DIRECTIONS: Include the line with "포스터 / 해남군 제공 |" and every line before it in the entries below, echoed exactly, but not the pictures.

MATERIAL FOR THIS EXERCISE:
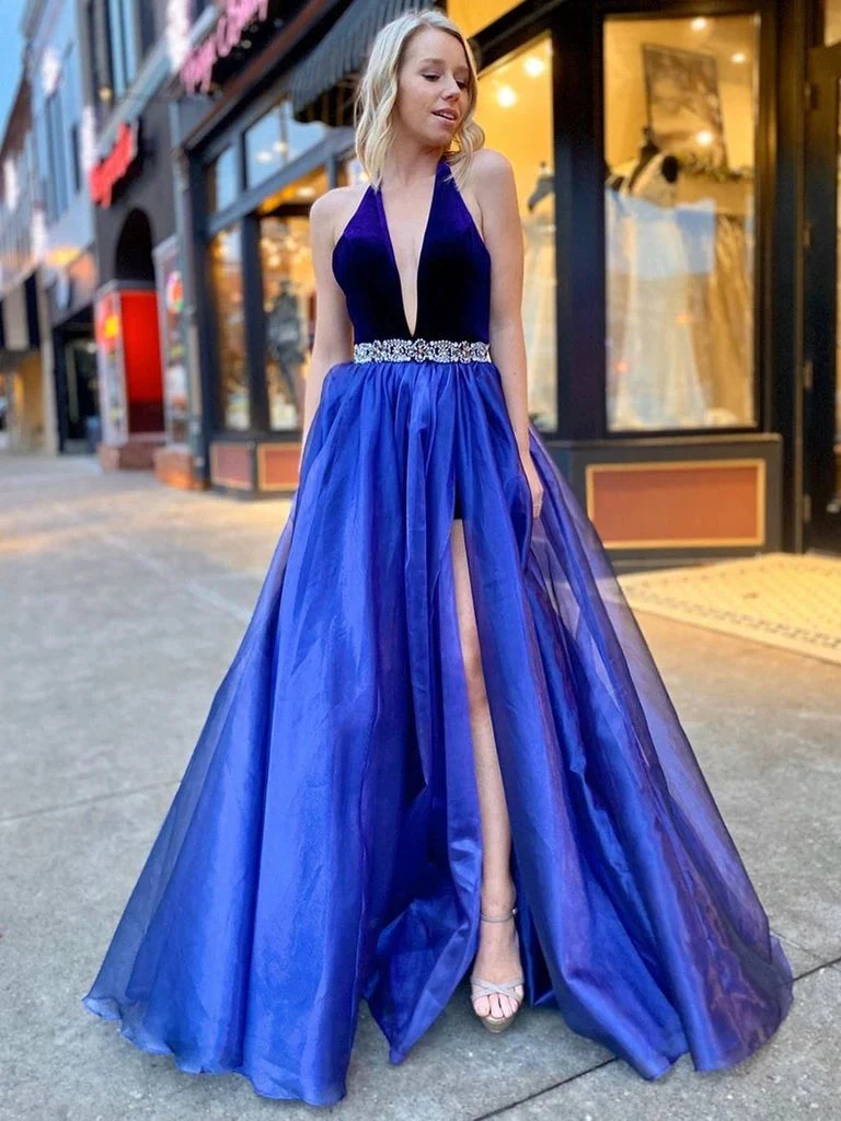 • V Neck Backless Royal Blue Halter Prom Dress Long Beaded Formal Evening Dress OKT59
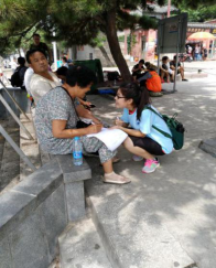 为了更深入地了解游客们对于泰山景区服务业的看法,在游客们填写问卷时,队员们同时与游客们交流,询问游客们对于泰山景区服务改进的建议,做进一步的思考。
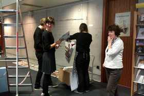 Before the Grand Opening of course, there was work to be done behind the scenes! Pictured below are The Stitchers team setting up including Andrea Cooley, Margaret in background, Kay Speirs left and Liv Kalkreuter - the Cultural Centre's leader.
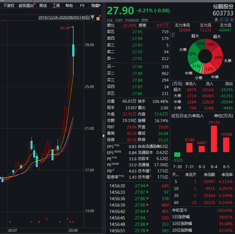 從近期的走勢來看,仙鶴股份的股票呈現(xiàn)出穩(wěn)健上升的態(tài)勢,在股市的波動中,仙鶴股份始終保持著穩(wěn)定的業(yè)績和強(qiáng)大的市場競爭力,這得益于公司不斷創(chuàng)新、追求卓越的精神以及良好的市場口碑,公司的財務(wù)狀況良好,為投資者提供了堅(jiān)實(shí)的保障。
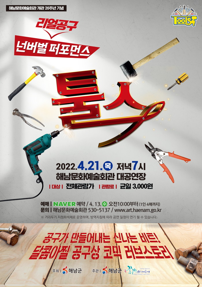| ▲ 해남군문화예술회관 개관 20주년 기념 넌버벌 포퍼먼스 툴스 공연 포스터 / 해남군 제공 |
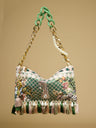 Description: An elegant petit handbag, with beaded tassel bottom. Created in our beautiful satin print fabric, it comes with a convenient zip closure and a stylish resin sling.
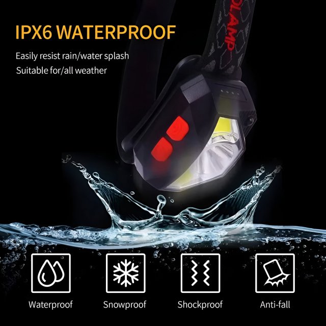 With 6 lighting modes, you can easily switch between XPG and COB LEDs to match your needs. Whether you need a bright, long-range beam for hiking or a softer red light for night fishing, this headlamp has you covered. The added motion sensor control feature allows for easy on/off functionality without touching the switch – ideal for when your hands are full or you’re wearing gloves.
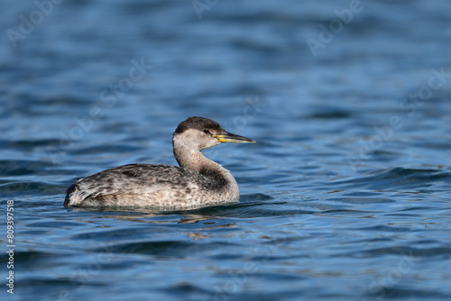 Fototapeta premium A young Red-necked Grebe duck bird floating alone on a lake
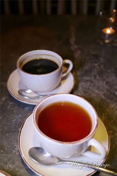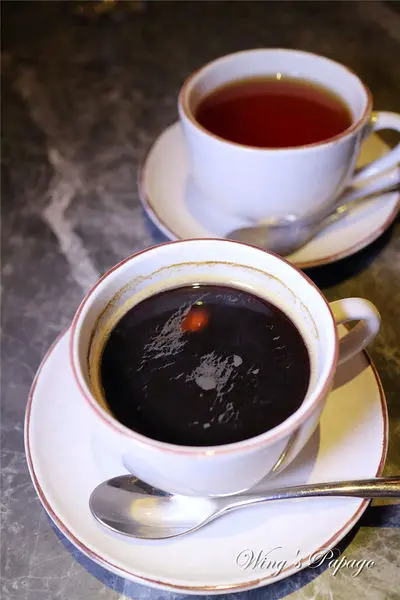 熱美式咖啡滋味濃郁略帶苦香,錫蘭紅茶茶香芳醇,

RESULT OF THIS TASK:
 • V Neck Backless Royal Blue Halter Prom Dress Long Beaded Formal Evening Dress OKT59
 为了更深入地了解游客们对于泰山景区服务业的看法,在游客们填写问卷时,队员们同时与游客们交流,询问游客们对于泰山景区服务改进的建议,做进一步的思考。
 Before the Grand Opening of course, there was work to be done behind the scenes! Pictured below are The Stitchers team setting up including Andrea Cooley, Margaret in background, Kay Speirs left and Liv Kalkreuter - the Cultural Centre's leader.
 從近期的走勢來看,仙鶴股份的股票呈現(xiàn)出穩(wěn)健上升的態(tài)勢,在股市的波動中,仙鶴股份始終保持著穩(wěn)定的業(yè)績和強(qiáng)大的市場競爭力,這得益于公司不斷創(chuàng)新、追求卓越的精神以及良好的市場口碑,公司的財務(wù)狀況良好,為投資者提供了堅(jiān)實(shí)的保障。
| ▲ 해남군문화예술회관 개관 20주년 기념 넌버벌 포퍼먼스 툴스 공연 포스터 / 해남군 제공 |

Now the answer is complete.